Courts say investing from offshore keeps the trustee away
Rulings make it easier for ‘people to benefit from cheating’
The Fallout From Madoff’s Fraud Includes an Ironic Twist for Investors – Bloomberg
The legal fallout from Bernard Madoff’s epic fraud includes an ironic twist: a road map for investors wanting to hold on to profits that seem too good to be true.
In the eight years since Madoff’s arrest, a series of court decisions have favored investors who profited from the scam, damping the hopes of trustee Irving Picard to return more to Madoff’s victims who lost $17.5 billion in principal, legal experts say. At the core of the disputes is how far Picard can go to make the Ponzi scheme’s investors whole.
“The rulings all lower the risk associated with investing in something that might be a Ponzi scheme,” said Anthony Casey, a University of Chicago law school professor. “Some of these were inevitable conclusions of law.

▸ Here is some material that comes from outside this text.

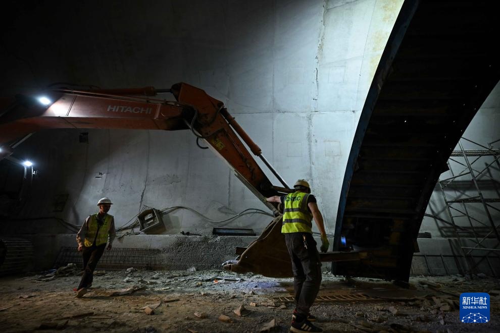 9月11日,工人在塔吉克斯坦卡拉依洪姆村附近的中塔公路二期工程1號隧道施工現(xiàn)場工作。

The courts weren’t necessarily being lenient to the big institutions. It just happens to help the wealthier investors.”
Picard and his team of New York-based lawyers have recovered about 65 cents on the dollar — more than anticipated after the collapse of the biggest Ponzi scheme in U.S. history. And while the trustee’s recovery efforts continue on multiple fronts, including suits against some of Madoff’s biggest investors, the rulings took billions of dollars off the table and make a 100 percent return seem impossible.